As part of the research for re-submitting the CREATE grant I submitted last year. I have spent quite a bit of time talking to people who work in data science (mostly former astronomers), looking at job ads for “data scientists”, reading blog posts and articles, and so forth. The goal is to figure out what can be added to astronomy graduate students’ training to make them more accomplished users of data in astronomy, and more hireable outside of astronomy should they choose to go that route. My samples of job ads and interviewees are fairly small, but there are enough similarities in what I hear from the different directions that I’m reasonably confident in the results.

I looked at about 10 job ads on LinkedIn for “data scientists” in the Toronto area. The expected educational background varied quite a bit. Some specified a background in computer sccience or statistics, others expanded this to include mathematics or applied math, or further to engineering or a physical science. One just specified “STEM”. Degrees in machine learning were specified in several ads, which is interesting since there aren’t that many such programs The University of Alberta has a graduate program and University of Toronto at Scarborough an undergrad one but I couldn’t find any others with machine leraning in the title.

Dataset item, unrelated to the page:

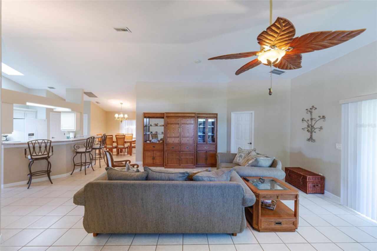 Quality built Cement block Johnson Home with a SAFE ROOM located in a Golf Community, New AC 2022, New Hot Water Heater 2025, Fresh Inside Paint 2024 ( all rooms ), Garbage Disposal 2024, Hurricane Shutters - roll down type on all full size windows, 2 Car Garage Home. Vaulted Ceiling in main living area with Kitchen Skylight, on Large Pool size lot in the Turnbull Bay Country Club Estates, Open Floor Plan with Split Bedrooms, Master bedroom has sliding doors overlooking screened Lanai, Breakfast Bar with skylight, Screened Lanai, Fans through out, Great room has a Sitting Area. Close to the Beach, Intracoastal waterway, Boat Ramps, I-95, Golf Courses and Shopping.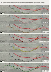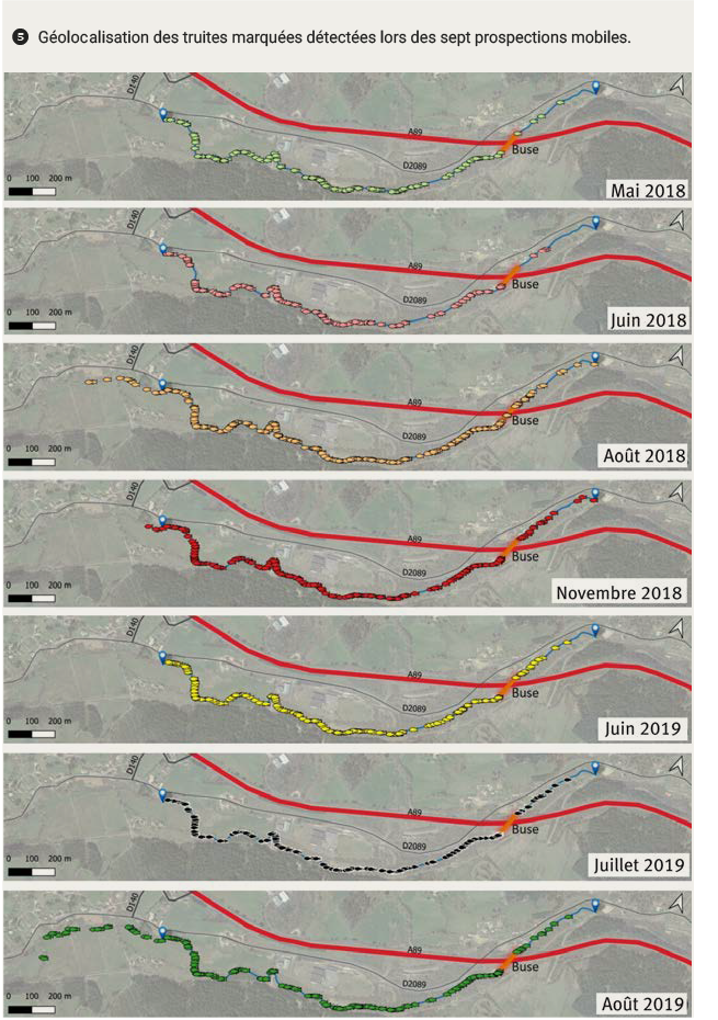 Finalement, sur la totalité des 815 truites marquées présentes en aval de la buse, si l’on retire les 165 individus qui ont franchi la buse, 450 individus ont été détectés au moins une fois par prospection mobile et 200 n’ont jamais été redétectés.

The number one skill, listed in every job ad, was “excellent communications skills.” An example of this requirement that I thought was particularly clear, and something that echoed what I heard from interviewing people in industry, was “ability to communicate complex quantitative analysis in a clear, precise, and actionable manner.” Technical skills that appeared in most of the ads included SQL, Python, and statistics or machine learning. Many of the ads included mention of R, HDFS/Hadoop, and Spark. Mentioned less frequently were data visualization, MATLAB, Excel, and cloud computing.

The people I interviewed also mentioned Python, SQL, and statistics/machine learning frequently. The other technical skills mentioned above also came up in a handful of interviews. Several interviewees were of the opinion that job ad skill lists tend to be aspirational rather than realistic; posession of at least some of them, plus the proven ability to learn new skills quickly (which we might hope that a graduate education provides) was sufficient in their opinion. One skill that wasn’t meantioned in the job ads but was in most interviews was software engineering, including the ability to work in teams on a computational project, using version control (especially git and GitHub), and writing re-usable code. (One interviewee told me that people in industry write lousy code “just like in academia”, so this wasn’t universal.) What did seem pretty universal was the idea that astronomers in particular need to get more used to the idea of applying existing tools rather than writing their own; our tradition of re-inventing the wheel for our own private use is no longer sustainable.

What do physicists or astronomers bring to data science? Experience of working with large amounts of real data, some of which may be noisy or unusable, is vital. Solving large, open-ended problems using quantitative methods is probably the most important thing. The big differences are that in industrial data science the timescales are usually faster, and the solutions don’t have to be as perfect, but they do have to be actionable. Of course problem-solving and working with data are not unique to physics or astronomy; lots of other areas of science provide similar backgrounds.

For further reading, the profiles of Jessica Kirkpatrick, Sean Farrell, and Adam Hill all have interesting insights.